---------- TASK INPUTS

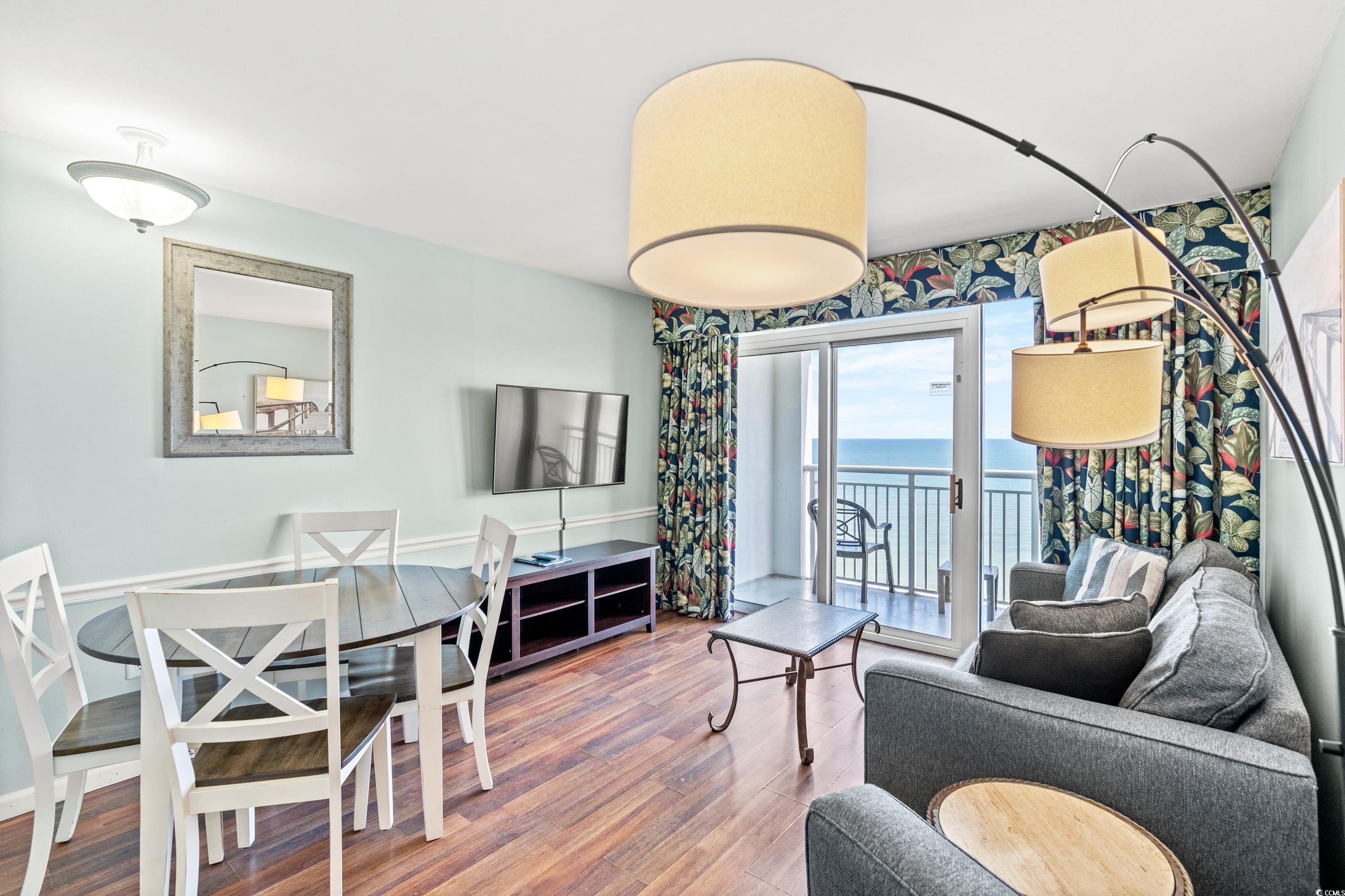 Camelot by the Sea...The place you want to be. This oceanfront 1BD/1BA condominium features an expanded kitchen with upgraded ceramic tile flooring. BRAND NEW HVAC JULY 2025. The unit also offers upgraded furnishings and bedding. The views from the oceanfront balcony are truly breathtaking at anytime of the day. Camelot amenities include indoor/outdoor pools and hot tubs, lazy river, kiddie pools and a fitness center. There is an onsite coffee shop as well. The attached parking garage is a fantastic bonus protecting you from the elements and offers added piece of mind with parking. See you at Camelot.
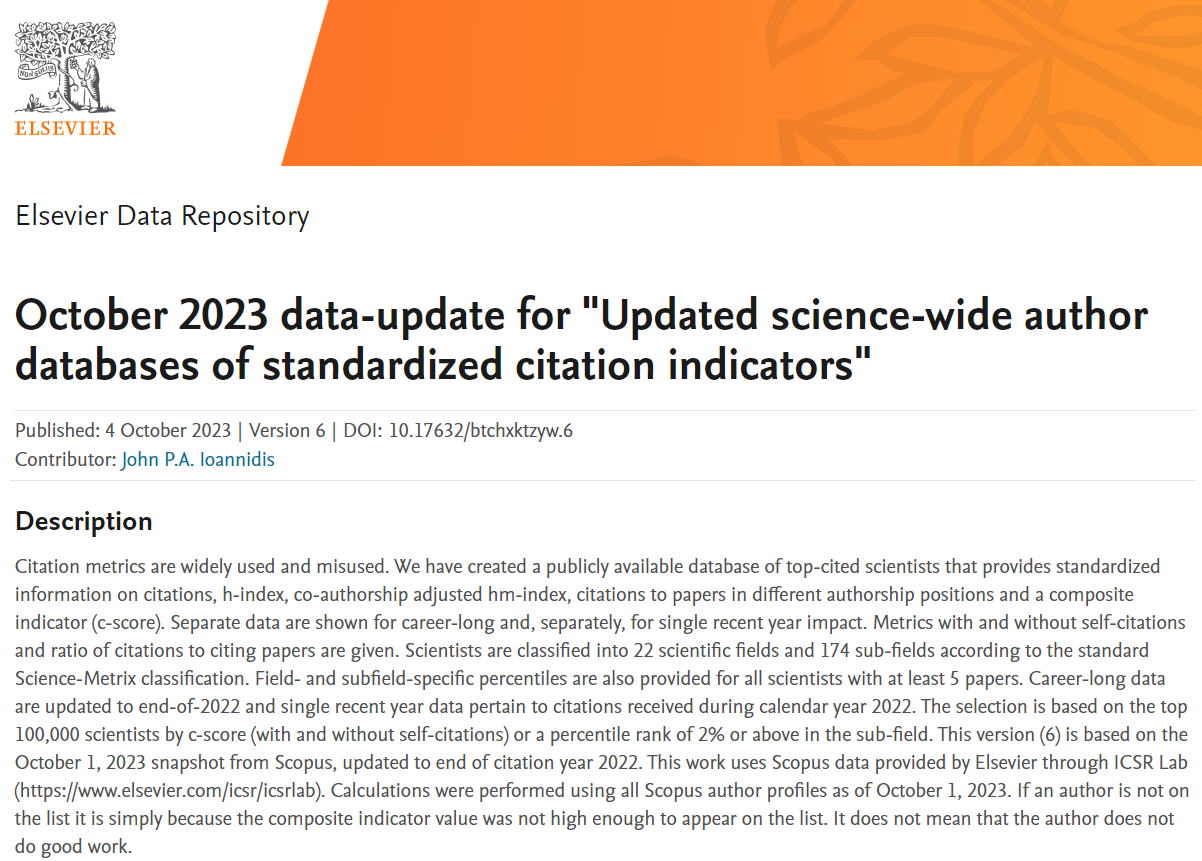 榜单来源:Ioannidis, John P.A. (2023), “October 2023 data-update for "Updated science-wide author databases of standardized citation indicators"”, Elsevier Data Repository, V6, DOI: 10.17632/btchxktzyw.6
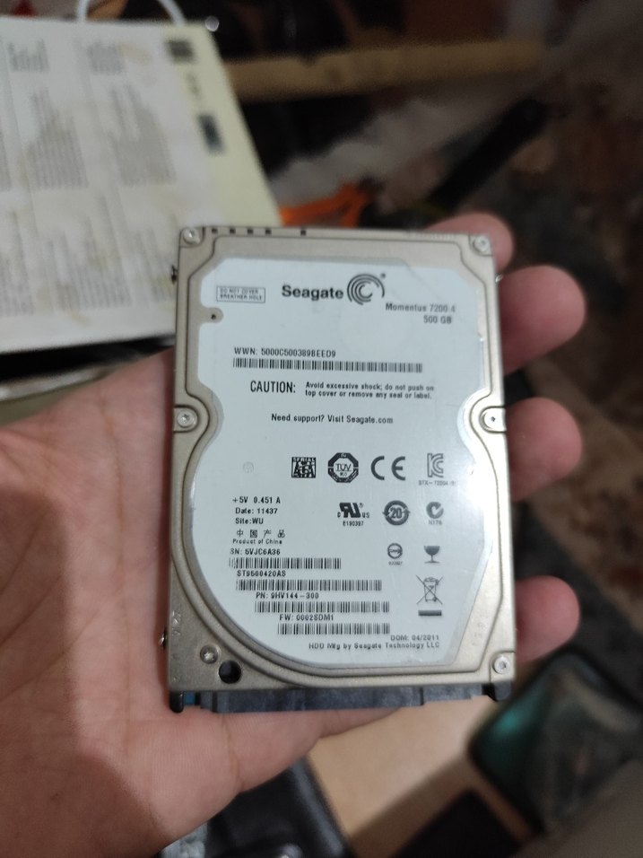 Gri ve beyaz kasalı, 500 GB kapasiteli Seagate dahili sabit disk, laptop ve küçük cihazlar için uygundur.
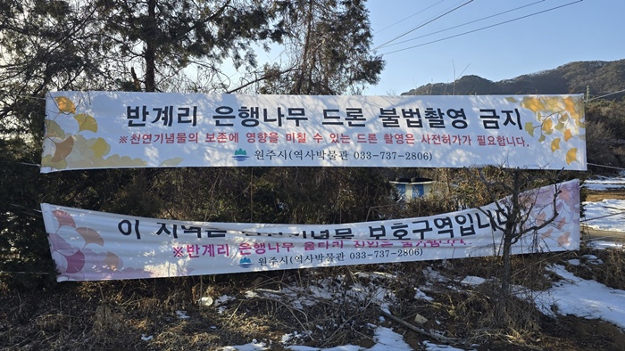 지난가을 온통 노랗게 물들었던 원주 반계리 은행나무의 수령이 과학으로 밝혀낸 수령이 1317년으로 밝혀져 세간의 관심을 끌었다. 천연기념물로도 지정이 되어 국가에서 관리를 하는데 요즘 주변에 말썽이 있는 느낌을 이번에 가봐서 느끼고 왔네요. 은행나무로 들어가는 진입로는 여전히 비포장으로 공사가 중단이 되어 있어 안타까움을 자아내게 되었는데 모든 문제가 원만히 해결되어 천연기념물이 돋보이는 멋진 모습을 기대해 보네요.
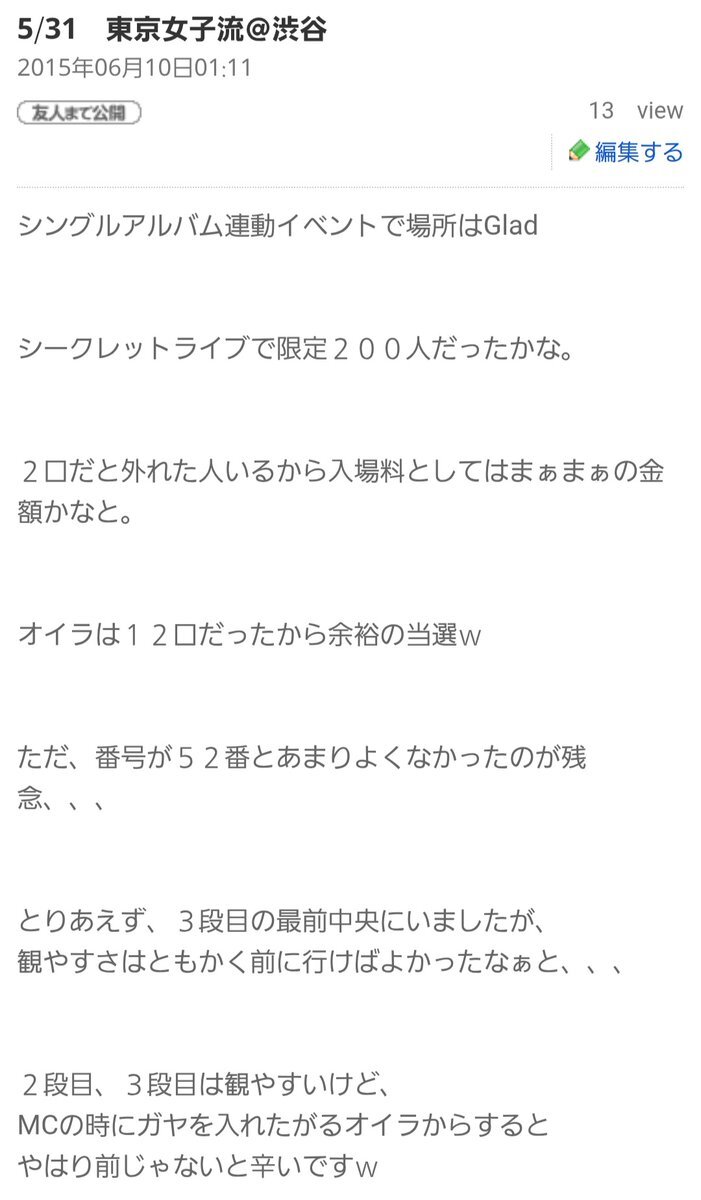 #ろいずのつぶや記 2015.5.31【東京】シングルアルバム連動イベント(シークレットライブ) 会場 glad Gladも思い入れのある会場のひとつ。何度かここの最前で女子流みれたのはよき思い出です。 pic.x.com/pkLEl7LnSj
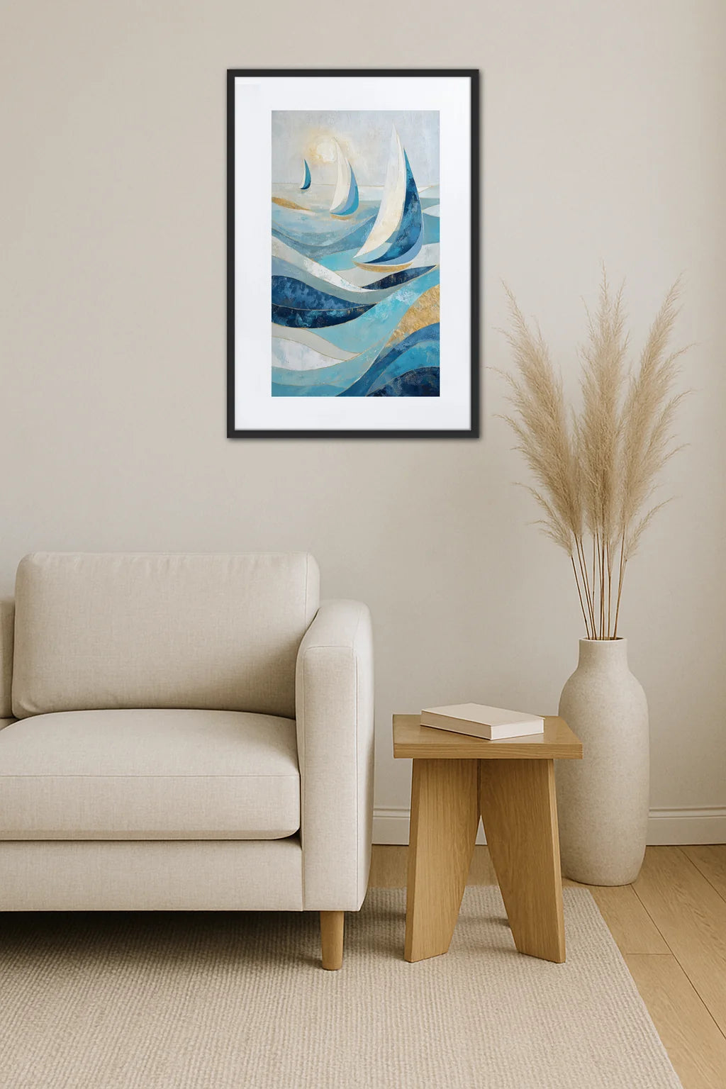 - Iconographie poétique et évocatrice : Les voiliers stylisés parlent d’aventures et de voyages, tout en restant ancrés dans une abstraction élégante. Ils suscitent une émotion douce, celle d’un désir de liberté et d’horizons lointains, portée par la beauté simple et raffinée de l’œuvre.
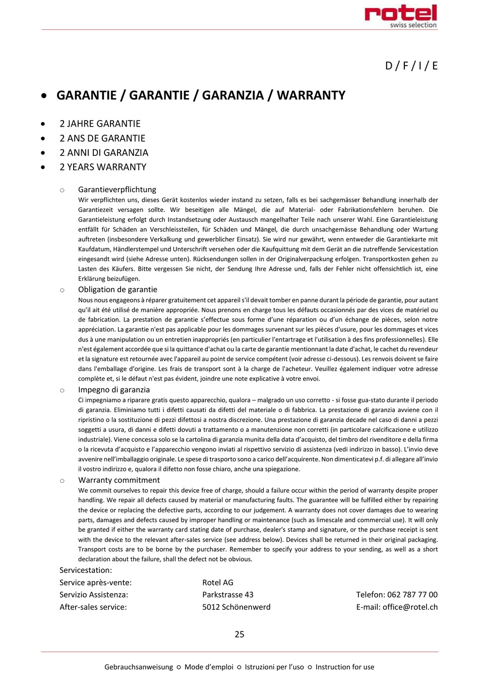 E-mail: office@rotel.ch
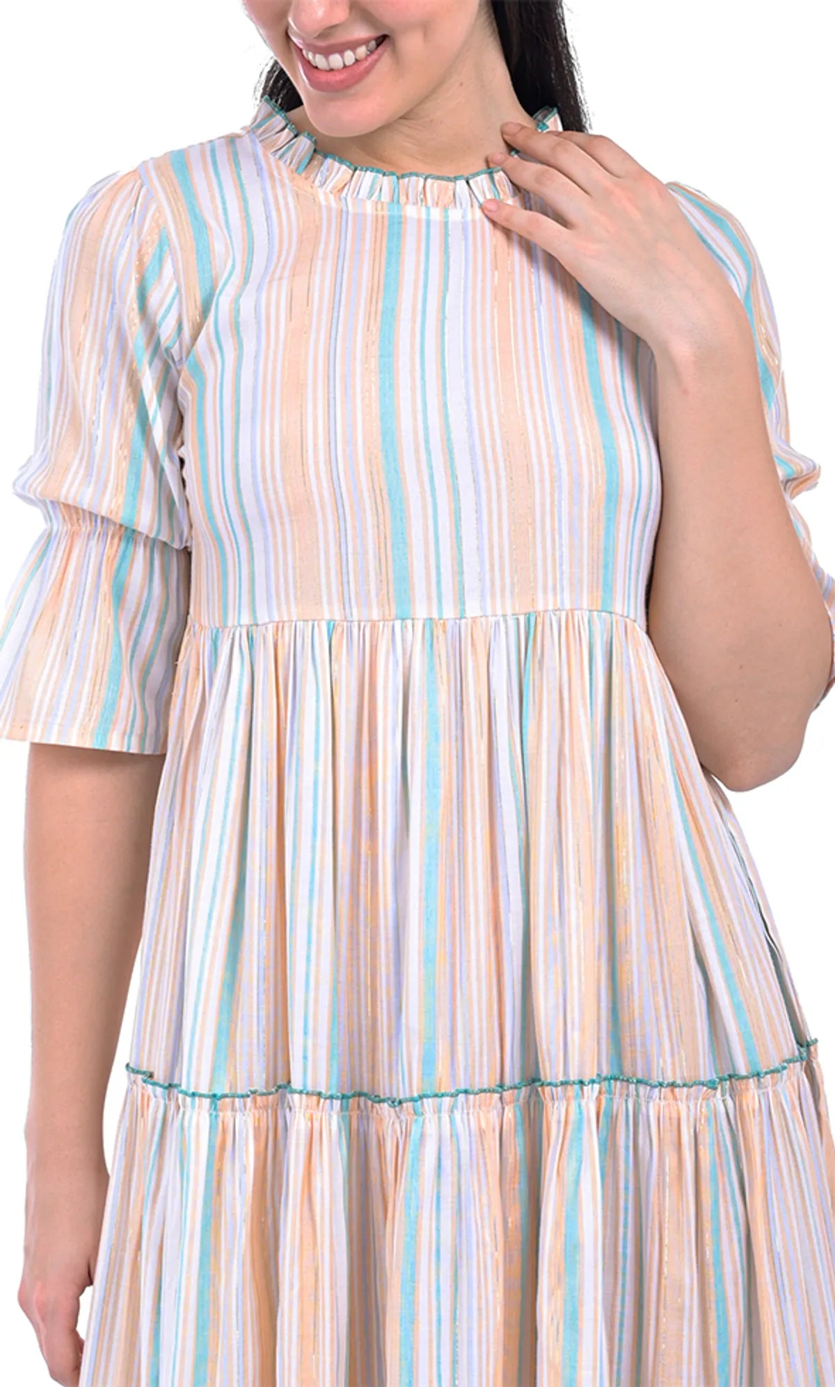 Refresh your wardrobe with this White Stripes Viscose Fit & Flared Dress from CODE ROSE. Featuring classic white with subtle stripes, this dress blends contemporary style with everyday comfort. Crafted from high‑quality viscose cotton blend, it’s soft, breathable, and ideal for casual outings, daytime events, brunches, or everyday wear. The flattering fit & flared silhouette accentuates the waist while allowing graceful movement at the skirt, making it a versatile choice for your day‑to‑night wardrobe.

--------------------

# EXERCISE BRIEF:
Without the pictures, restate all of the entries word for word.

# EXERCISE OUTPUT:
 Camelot by the Sea...The place you want to be. This oceanfront 1BD/1BA condominium features an expanded kitchen with upgraded ceramic tile flooring. BRAND NEW HVAC JULY 2025. The unit also offers upgraded furnishings and bedding. The views from the oceanfront balcony are truly breathtaking at anytime of the day. Camelot amenities include indoor/outdoor pools and hot tubs, lazy river, kiddie pools and a fitness center. There is an onsite coffee shop as well. The attached parking garage is a fantastic bonus protecting you from the elements and offers added piece of mind with parking. See you at Camelot.
 榜单来源:Ioannidis, John P.A. (2023), “October 2023 data-update for "Updated science-wide author databases of standardized citation indicators"”, Elsevier Data Repository, V6, DOI: 10.17632/btchxktzyw.6
 Gri ve beyaz kasalı, 500 GB kapasiteli Seagate dahili sabit disk, laptop ve küçük cihazlar için uygundur.
 지난가을 온통 노랗게 물들었던 원주 반계리 은행나무의 수령이 과학으로 밝혀낸 수령이 1317년으로 밝혀져 세간의 관심을 끌었다. 천연기념물로도 지정이 되어 국가에서 관리를 하는데 요즘 주변에 말썽이 있는 느낌을 이번에 가봐서 느끼고 왔네요. 은행나무로 들어가는 진입로는 여전히 비포장으로 공사가 중단이 되어 있어 안타까움을 자아내게 되었는데 모든 문제가 원만히 해결되어 천연기념물이 돋보이는 멋진 모습을 기대해 보네요.
 #ろいずのつぶや記 2015.5.31【東京】シングルアルバム連動イベント(シークレットライブ) 会場 glad Gladも思い入れのある会場のひとつ。何度かここの最前で女子流みれたのはよき思い出です。 pic.x.com/pkLEl7LnSj
 - Iconographie poétique et évocatrice : Les voiliers stylisés parlent d’aventures et de voyages, tout en restant ancrés dans une abstraction élégante. Ils suscitent une émotion douce, celle d’un désir de liberté et d’horizons lointains, portée par la beauté simple et raffinée de l’œuvre.
 E-mail: office@rotel.ch
 Refresh your wardrobe with this White Stripes Viscose Fit & Flared Dress from CODE ROSE. Featuring classic white with subtle stripes, this dress blends contemporary style with everyday comfort. Crafted from high‑quality viscose cotton blend, it’s soft, breathable, and ideal for casual outings, daytime events, brunches, or everyday wear. The flattering fit & flared silhouette accentuates the waist while allowing graceful movement at the skirt, making it a versatile choice for your day‑to‑night wardrobe.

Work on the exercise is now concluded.